- WORK INSTRUCTIONS: Set down exactly the lines below between the line holding "1. SOLO COMPATIBLE" and the line holding "Anillo Oro Blanco", inclusive; no other line belongs in the answer.

- RECORDS TO USE:
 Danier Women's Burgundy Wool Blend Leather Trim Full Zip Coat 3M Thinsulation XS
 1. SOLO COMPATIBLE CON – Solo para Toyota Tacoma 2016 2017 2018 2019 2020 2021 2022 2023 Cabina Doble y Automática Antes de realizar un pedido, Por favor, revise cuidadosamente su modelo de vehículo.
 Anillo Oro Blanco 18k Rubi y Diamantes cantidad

...

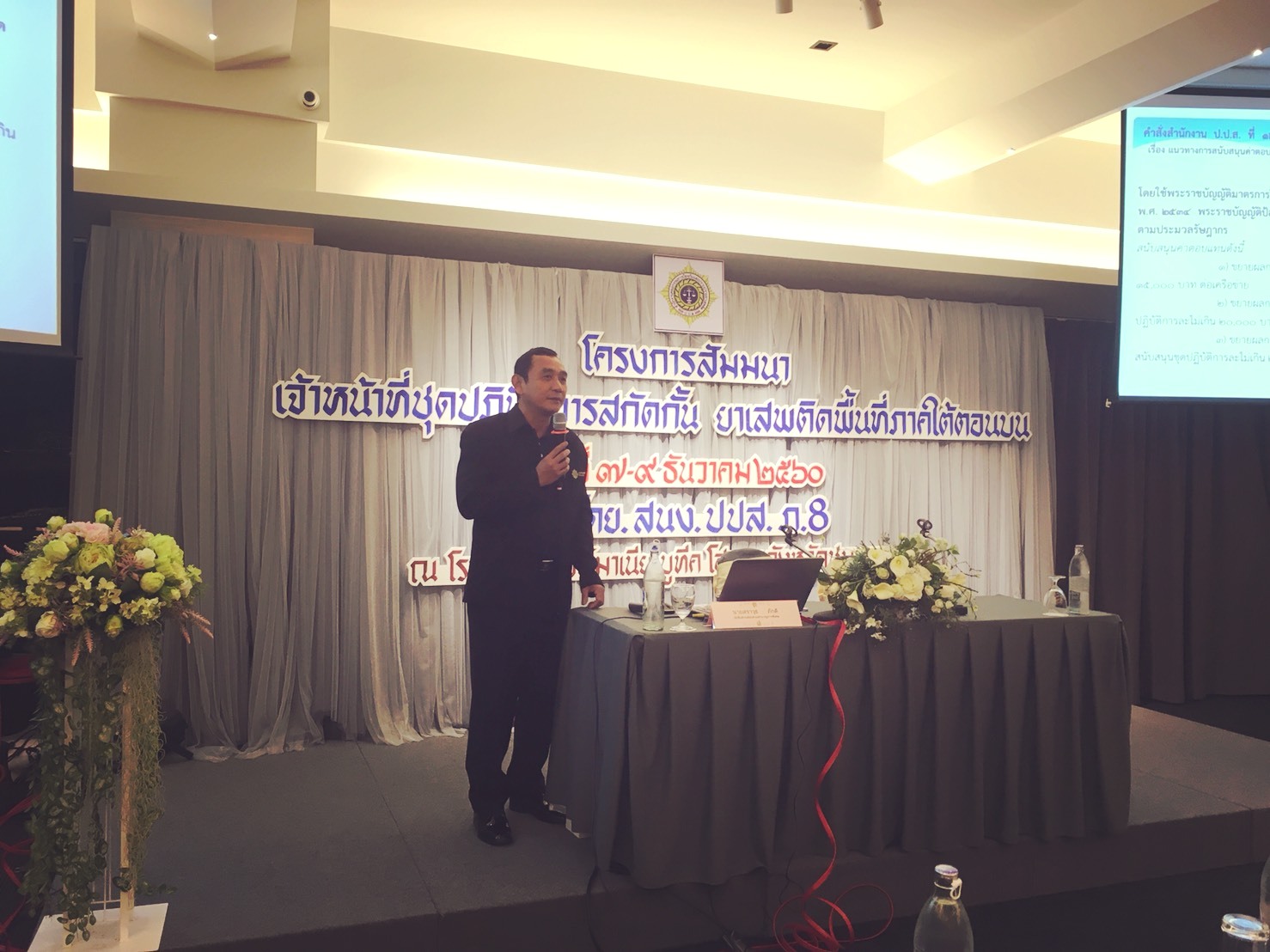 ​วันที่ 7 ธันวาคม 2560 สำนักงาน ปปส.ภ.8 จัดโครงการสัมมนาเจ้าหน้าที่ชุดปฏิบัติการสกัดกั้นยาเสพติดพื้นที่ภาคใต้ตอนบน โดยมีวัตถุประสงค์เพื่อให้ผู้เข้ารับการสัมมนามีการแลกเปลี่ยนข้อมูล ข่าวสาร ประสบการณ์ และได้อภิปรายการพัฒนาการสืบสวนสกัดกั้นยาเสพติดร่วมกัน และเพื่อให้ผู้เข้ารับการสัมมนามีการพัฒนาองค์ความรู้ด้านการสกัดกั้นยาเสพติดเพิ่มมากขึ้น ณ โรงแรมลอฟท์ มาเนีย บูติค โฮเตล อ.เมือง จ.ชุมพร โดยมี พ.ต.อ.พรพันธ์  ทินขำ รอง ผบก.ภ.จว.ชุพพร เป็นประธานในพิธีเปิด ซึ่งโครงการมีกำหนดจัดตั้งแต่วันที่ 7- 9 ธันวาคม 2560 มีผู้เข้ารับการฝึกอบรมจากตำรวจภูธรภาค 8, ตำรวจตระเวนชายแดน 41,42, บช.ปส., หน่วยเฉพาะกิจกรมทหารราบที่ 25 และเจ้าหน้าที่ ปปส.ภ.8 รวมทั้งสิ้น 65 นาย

---

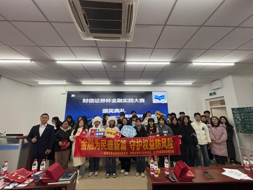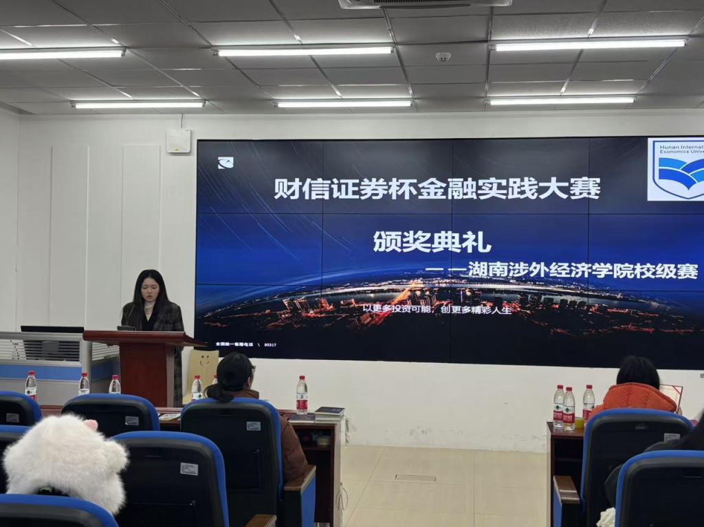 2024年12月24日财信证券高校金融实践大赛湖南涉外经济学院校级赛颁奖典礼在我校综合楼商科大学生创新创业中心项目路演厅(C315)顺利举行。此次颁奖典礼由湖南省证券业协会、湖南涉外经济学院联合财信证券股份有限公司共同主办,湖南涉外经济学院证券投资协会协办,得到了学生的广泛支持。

- RESULT OF THIS TASK:
 1. SOLO COMPATIBLE CON – Solo para Toyota Tacoma 2016 2017 2018 2019 2020 2021 2022 2023 Cabina Doble y Automática Antes de realizar un pedido, Por favor, revise cuidadosamente su modelo de vehículo.
 Anillo Oro Blanco 18k Rubi y Diamantes cantidad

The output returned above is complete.